Sun, Jul 05, 2009

Tucson Region

RTA offers to fund '06 election ballot recount

By Andrea Kelly
Arizona Daily Star
Tucson, Arizona | Published: 07.12.2008
The organization that oversees the county's 20-year transportation plan and associated sales-tax funds has asked for a recount of the paper ballots from the 2006 Regional Transportation Authority election.
The request follows calls by others this week for a recount of those votes and a decision by the county treasurer to destroy the ballots.
Whether that recount can occur, or when it might happen, is unknown.
The RTA has called for the recount to settle the allegations of vote rigging and wrongdoing by the county elections division, said Gary Hayes, executive director of the RTA.
Even though voters approved the transportation plan by 60 percent of the vote, and the associated sales tax by 58 percent, the allegations that its passage was staged continue, Hayes said.
"In fairness to the majority of voters the Regional Transportation Authority is today requesting a recount of the 2006 vote.
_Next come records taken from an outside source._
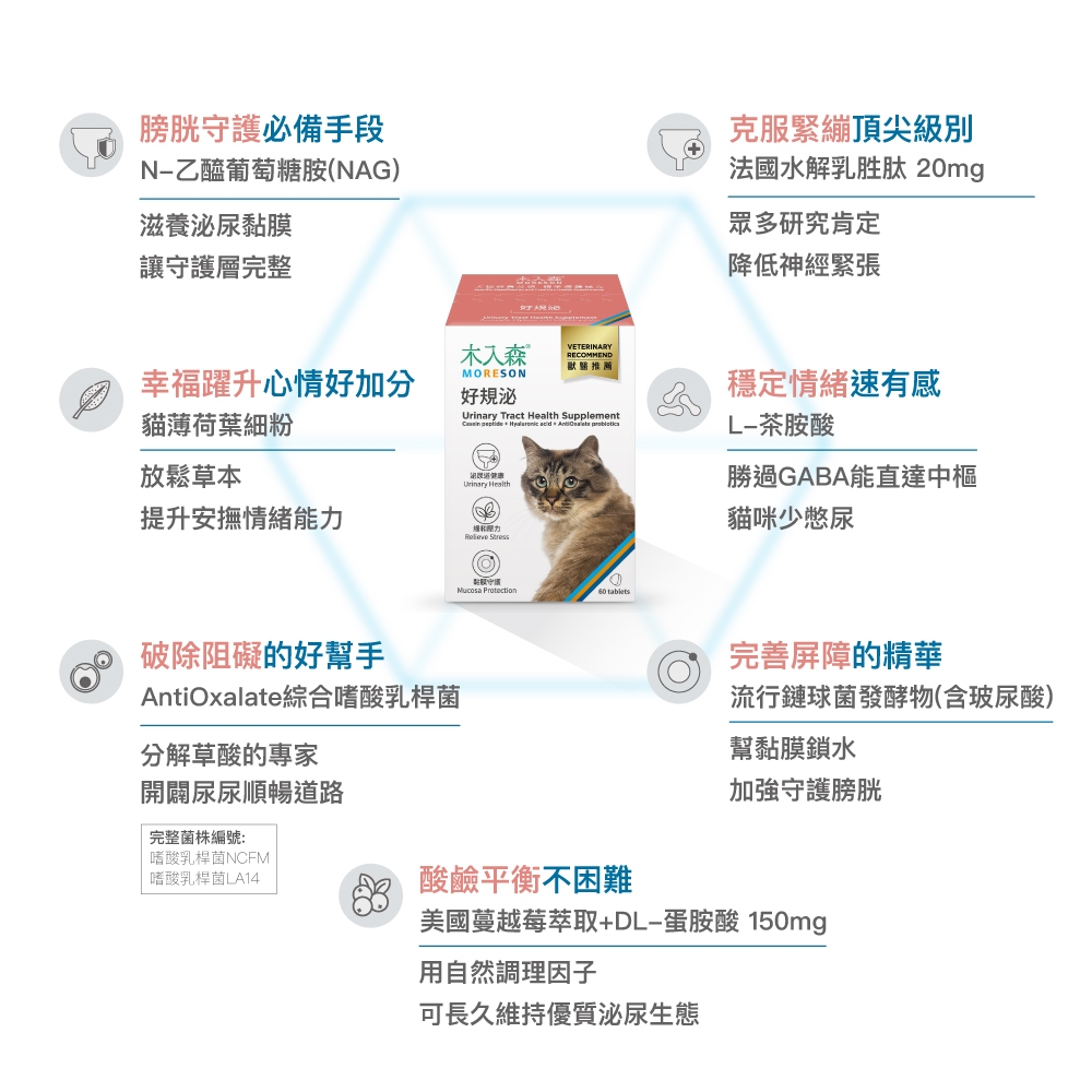 【木入森】貓咪好規泌 (60顆)|貓泌尿道保健食品|貓薄荷 蔓越莓|情緒安撫 遠離排尿卡頓感60顆x1盒入|60顆x2盒入|60顆x3盒入|60顆+30顆Vitamins & Supplements木入森Moreson 官方旗艦店
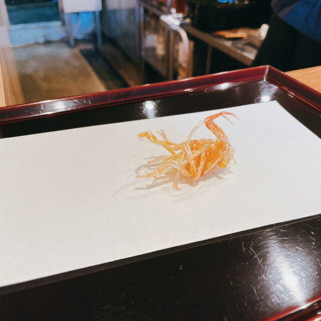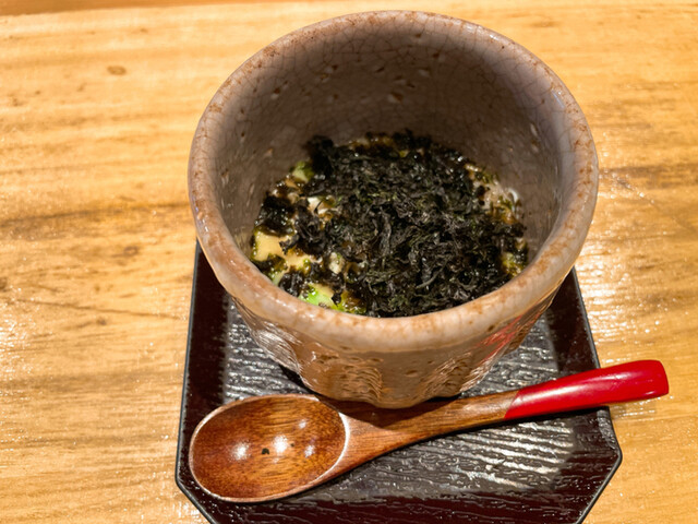 今回のコースでは一品料理の最後の一品に。出汁の旨味と蟹の旨味、天草海苔の香りが心地よいですね。
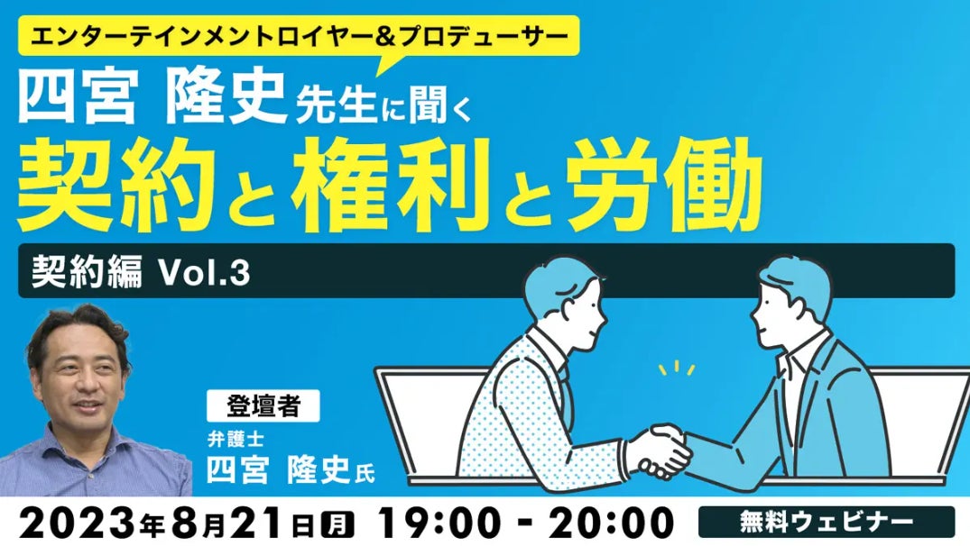【映像業界】TV・YouTubeなど、エンタメにまつわる法律を学ぶ 8/21(月)無料セミナー「四宮隆史先生に聞く 契約と権利と労働 ~契約編Vol.3~」
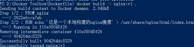 RUN echo '这是一个本地构建的nginx镜像' > /usr/share/nginx/html/index.html
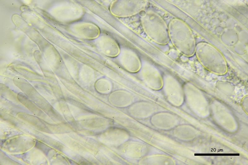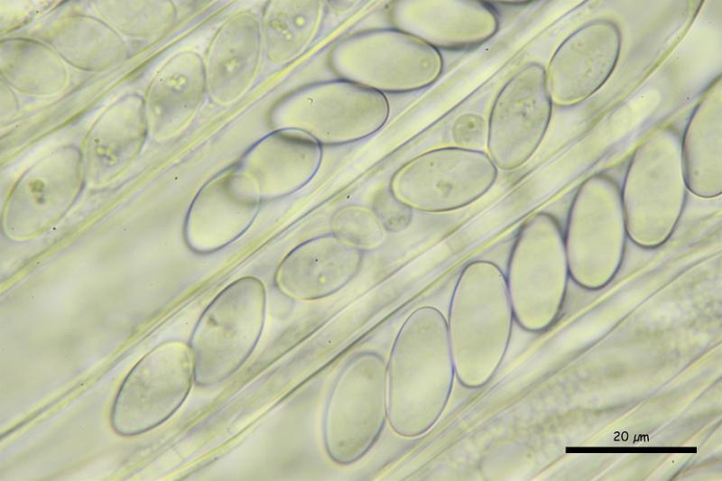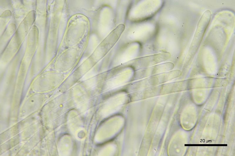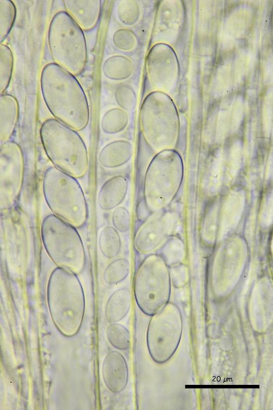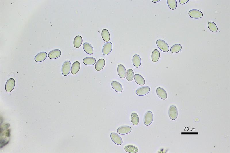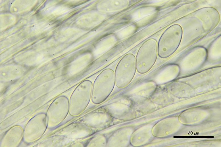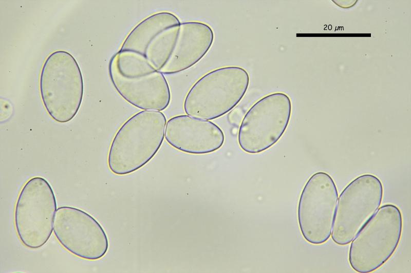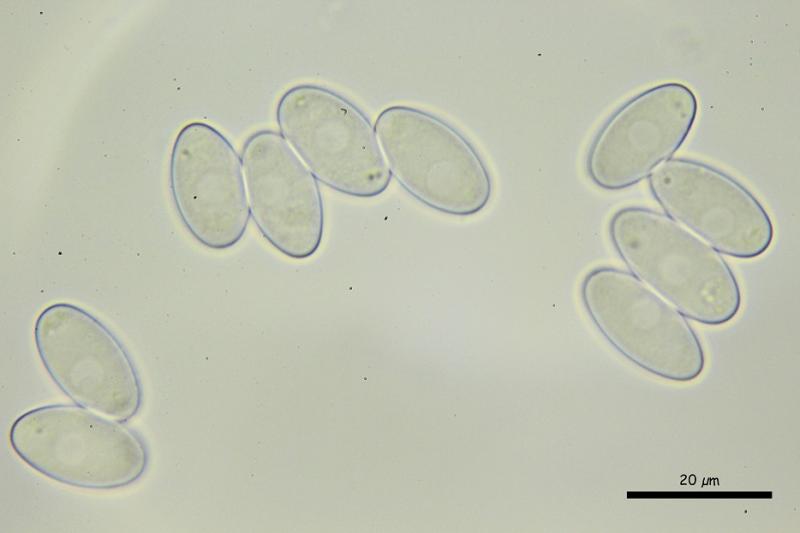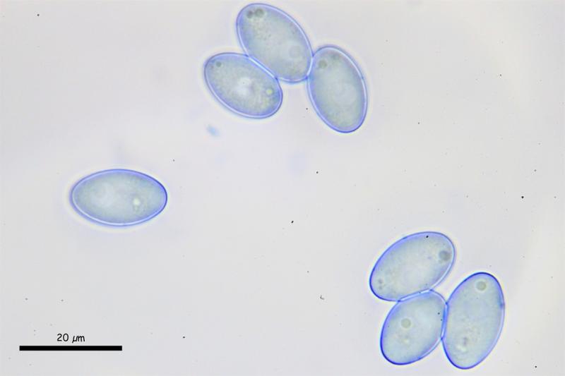 Esporas subfusiforme, con una o dos gutulas pequeñas en los extremos.

We are further offering to pay the costs of that recount because we believe it's time that the public's wishes be reaffirmed in the face of these allegations," Hayes wrote in a letter to Pima County Administrator Chuck Huckelberry Friday.
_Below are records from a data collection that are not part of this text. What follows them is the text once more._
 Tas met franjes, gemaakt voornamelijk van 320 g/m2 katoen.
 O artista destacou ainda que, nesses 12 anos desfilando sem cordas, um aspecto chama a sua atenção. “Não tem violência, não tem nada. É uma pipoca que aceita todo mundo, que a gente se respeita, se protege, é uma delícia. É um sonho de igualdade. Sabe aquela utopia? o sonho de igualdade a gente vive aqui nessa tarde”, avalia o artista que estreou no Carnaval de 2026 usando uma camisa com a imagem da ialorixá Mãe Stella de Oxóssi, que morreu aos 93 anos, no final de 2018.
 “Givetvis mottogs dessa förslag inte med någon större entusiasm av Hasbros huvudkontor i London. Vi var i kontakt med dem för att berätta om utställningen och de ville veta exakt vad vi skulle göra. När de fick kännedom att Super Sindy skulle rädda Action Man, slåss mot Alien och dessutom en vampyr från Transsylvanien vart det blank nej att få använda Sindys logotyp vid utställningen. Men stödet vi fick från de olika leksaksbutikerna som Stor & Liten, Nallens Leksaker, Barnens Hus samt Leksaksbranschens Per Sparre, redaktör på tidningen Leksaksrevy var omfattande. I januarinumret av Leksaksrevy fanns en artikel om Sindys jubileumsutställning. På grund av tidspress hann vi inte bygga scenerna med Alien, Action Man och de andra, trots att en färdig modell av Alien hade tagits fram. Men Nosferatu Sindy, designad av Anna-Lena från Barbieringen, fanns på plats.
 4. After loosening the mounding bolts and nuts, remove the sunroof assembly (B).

The RTA wants to shift the focus away from the allegations, Hayes said.
"We're just trying to move on and get to the business at hand and get to the projects the voters want built," Hayes said in an interview.
"All we're saying is we want to close it and if the issue is lack of funding, we'll pony up."
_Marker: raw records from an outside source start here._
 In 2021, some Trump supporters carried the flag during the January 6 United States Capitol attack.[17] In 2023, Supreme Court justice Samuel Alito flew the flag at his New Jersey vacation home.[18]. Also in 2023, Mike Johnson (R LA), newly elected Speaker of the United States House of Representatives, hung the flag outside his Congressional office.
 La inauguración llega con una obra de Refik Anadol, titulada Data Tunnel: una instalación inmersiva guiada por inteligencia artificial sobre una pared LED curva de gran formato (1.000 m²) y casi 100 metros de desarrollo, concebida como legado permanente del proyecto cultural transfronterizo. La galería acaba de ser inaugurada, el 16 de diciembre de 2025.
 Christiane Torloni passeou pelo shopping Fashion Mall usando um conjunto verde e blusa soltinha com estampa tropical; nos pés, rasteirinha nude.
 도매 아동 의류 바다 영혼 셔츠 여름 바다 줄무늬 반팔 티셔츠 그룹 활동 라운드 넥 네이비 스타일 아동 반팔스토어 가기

Such a recount would likely cost at least $20,000 to $30,000, said Huckelberry, who also said the letter would remove financial pressure from the county if a recount is ordered by a judge.
Therein lies the hitch, Huckelberry said.
"A judge has to authorize this or allow it," he said. "You can't recount them unless a court orders you to."
That means just because the authority overseeing the voter-approved, taxpayer-funded program wants a recount, it's not necessarily on the horizon.
The county has asked its attorneys on several occasions to request a recount, Huckelberry said. But unless there's a legal reason to recount them, the county could be "guilty of malpractice," he said.
This latest call for a recount comes after the Pima County Democratic Party spent more than a year in court to get electronic election databases from the county. Last month the Pima County treasurer sent the political parties a letter to say she planned to destroy the paper ballots because her legal obligation to keep them had expired.
The treasurer is required to keep the ballots for six months, but kept them longer because of the civil cases. Because those have been completed, Treasurer Beth Ford says she is no longer legally allowed to keep them without a court order.
The county Libertarian party sent the treasurer a letter this week opposing the ballot destruction, which means it will have to be decided by a judge, Ford said.
Election-integrity supporters say a recount would be welcome, but it may not solve all of the issues on the table.
A recount at the county level would settle the votes, but not the criminal allegations of tampering with the vote, which should be handled by the state Attorney General's Office, said Bill Risner, the attorney who represented the Democratic Party in the lawsuits.
The recount would put a lot of the issues to rest, as long as it could be trusted, said John Brakey, founder of Audit AZ, an election-integrity organization.
In his letter to the county administrator, the RTA's Hayes asks for the costs of the recount to be reimbursed by critics of the vote's accuracy.